4:24 AM Reporter: Unknown 0 Responses
I used to live a simple, happy life. I call it happy, but it was more of a peaceful life. Happiness has different meanings at different times. Till a woman gives birth, she does not know what is happiness of being in love with the child. Is it not true? It was same with me.

Talking of love, I had read quite a lot in books and seen many movies. But love, the emotion was unknown to me. Then I fell in love and my world changed suddenly. I cannot say that I used to see stars in bright sun light, but I can surely say that for me the days became as lovely as the nights. We used to share everything. I used to read my poetries to her on telephone and she listened. That simple sharing was heavenly. The same ice cream used to taste totally differently when we used to share from the same cup. What she bought for me was commonly available in the shops, but I used to wear those clothes as if they were directly delivered fro heaven. I can go on and on about what all we shared and loved. As I said before that I had read about love, but did not know about it. I came to know about love only after falling in love.

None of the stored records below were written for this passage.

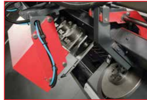
Automatic bending pin changer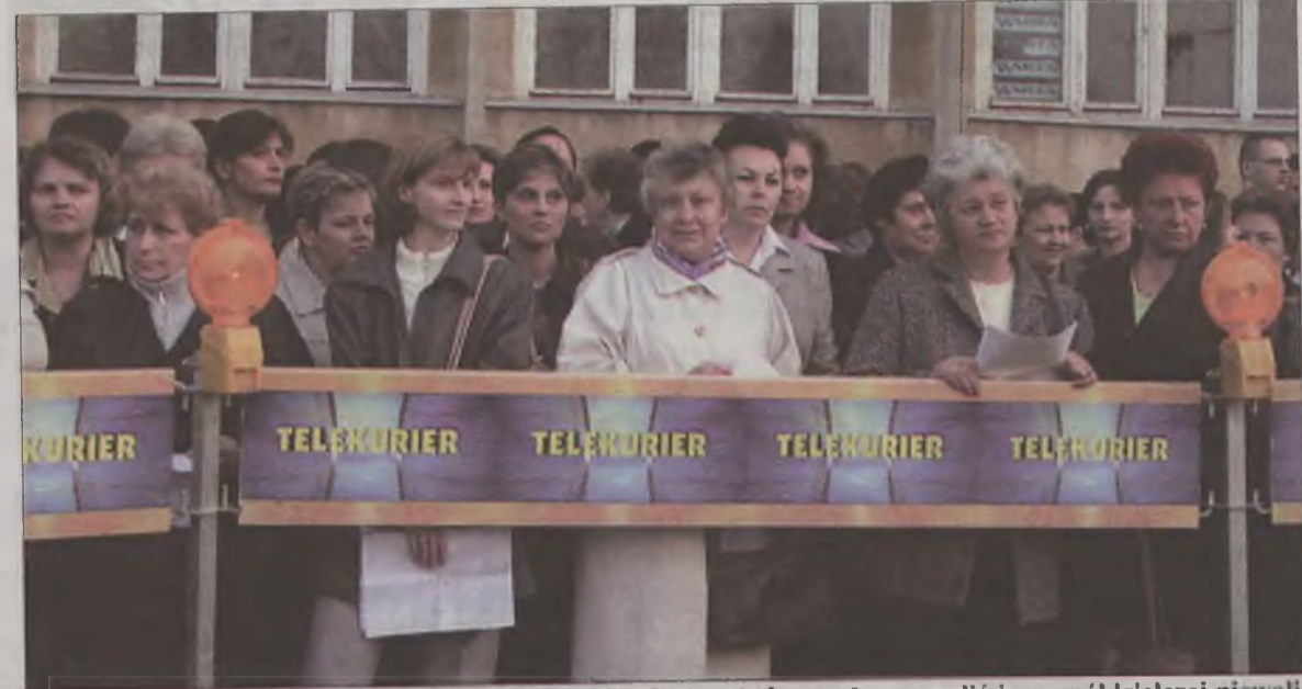
Pracownice Tary w oczekiwaniu na audycję telewizyjną, która może wyzwolić je ze spółdzielczej niewoli.

PS. Jak się dowiadujemy na opisaną sytuację zareagował burmistrz Zdzisław Czapla, który zaproponował syndykowi transakcję polegającą na zbilansowaniu należności Tary wobec miasta (ok. 350 tys. zł zaległego podatku lokalnego) z nieopłaconymi udziałami członkowskimi. O dalszych decyzjach w tej sprawie będziemy informować na bieżąco.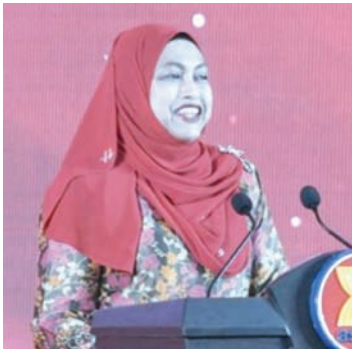
马来西亚常驻东盟代表萨拉发表致辞。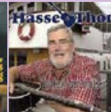
Hasse Thor Tankar som möts CD.....14 €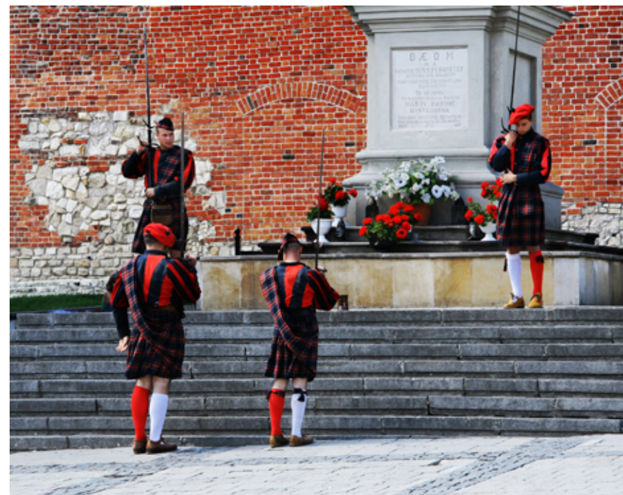
Uroczystość zmiany wart

nauczycielka tłumaczyła na czym polega ruch międzycząsteczkowy. Kazimierz odwiedziłem dwa razy - roił się od producentów pseudoartystycznych czarno-białych zdjęć zalewających oglądającego brzydota i brudem. Widziałem między innymi jegomościa w jasnych kraciatych portkach i stylizowanym na ludowy kapeluszu robiącego nocą, bez statywu zdjęcie aparatem dwuobiektywowym. Osobnika wkładającego głowę do ulicznego kosza by zrobić makro niedopałka papierosa nawet nie chce pamiętać.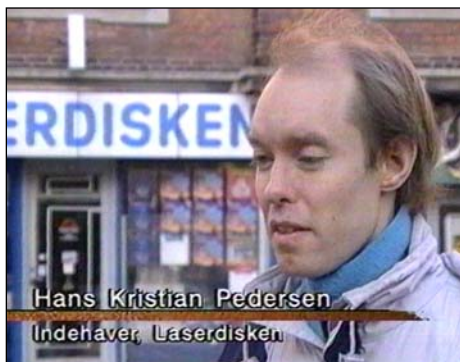
danskjultekorrupsion.dk/video44 TV Aalborg, 28. oktober 1994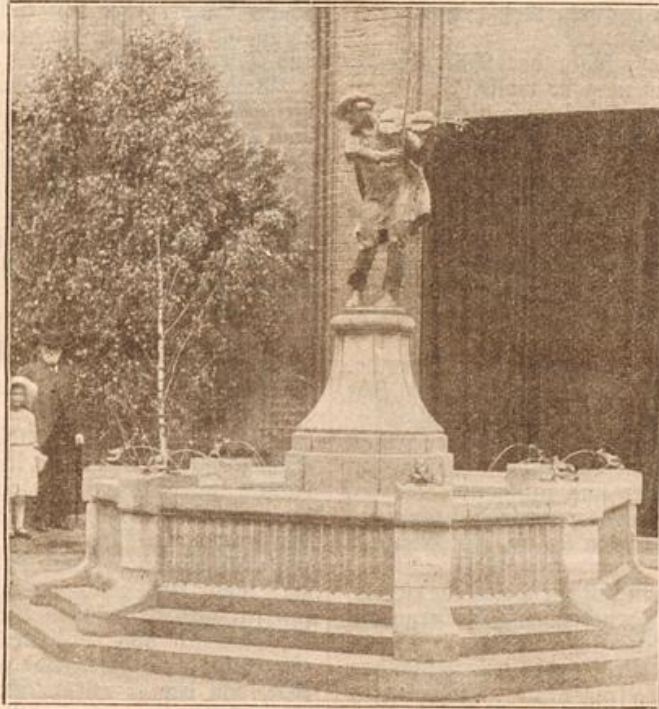
Der Fließabrunnen in Thorn. (Mit Text.)

„Leider!“ sagte Frau Baldow; „ich finde bei meinen Schwiegertöchtern kein Eingehen auf meine Wünsche und möchte ihnen doch so gern mit meiner Lebenserfahrung nützen! Eben war ich im Begriffe, deiner Frau zu schreiben, aber wie immer ich die Worte gewählt hätte, sie würde eine Beleidigung herausgeföhlt haben, und so unterließ ich es.“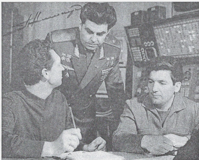
Начальник Центру підготовки космонавтів Г. Береговий, льотчик-космонавт П.Климук і бортінженер В.Севастьянов під час підготовки до польоту космічного корабля "Союз - 18". 1975 р.

Було безперечним одне: Петра Климук ніхто нікуди не запросив політати у космосі, бо разом з дипломом з відзнакою і лейтенантськими погонами він одержав розпорядження виїхати на Крайню Північ, де базувався авіаполк винищувальної авіації. Після зеленого і теплого Чернігова було важко звикати до суворого північного клімату. Польоти виявились напруженими, бо молодому офіцеру доводилося опановувати нові типи літаків. В його атестаційній характеристиці командир авіаполку зазначав: "Польоти любить, літає сміливо, упевнено. У повітрі ініціативний, кмітливий, витривалий..."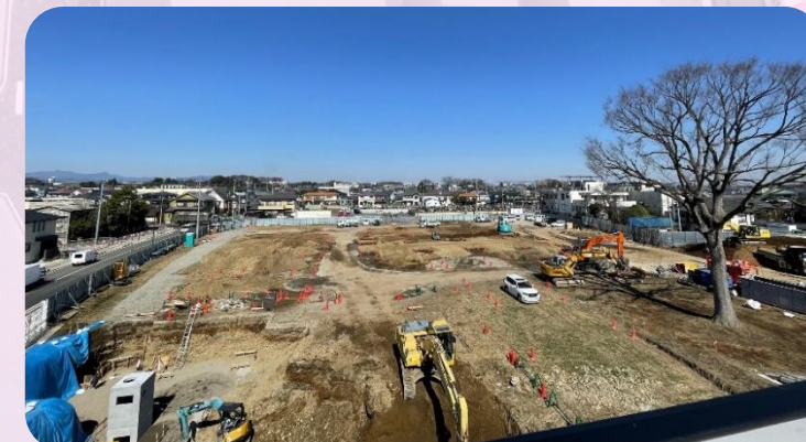
3月中旬の入間小学校跡地のようす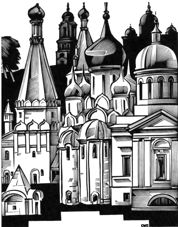
Старица. Монастырь. Художник А.И. Калашников

зывается новая методология социального и трансдисциплинарного знания — положение дел, которое инициирует фундаментальные исследования в этой сфере. Но мы оказываемся перед лицом не только серьезного интеллектуального вызова — ведущаяся сегодня гонка в сфере методологии (и технологий) принятия эффективного решения, может оказаться не менее серьезной, чем происходившая в свое время гонка за высадку первого человека на Луну. Вопрос, между тем, не только в том, кто окажется победителем в этой гонке, но и кто является ее участником.

If you are not in love, please fall in love. There is nothing comparable to love in giving joy. If you are already in love, please make use of every moment to experience it. Love comes as a blessing of God. Love is a blessing and one need not know about heaven if one is in love. Why one falls in love with a particular person? Why one feels different in love? Why one likes the feeling of love more than anything else? Why one forgets one's identity in love? And why one dies when the beloved leaves for no reason, is a mystery. Please enjoy life when you are in love. Enjoy every moment and live it. Love is a great feeling. Experience and live with love as much as you can, before you lose it.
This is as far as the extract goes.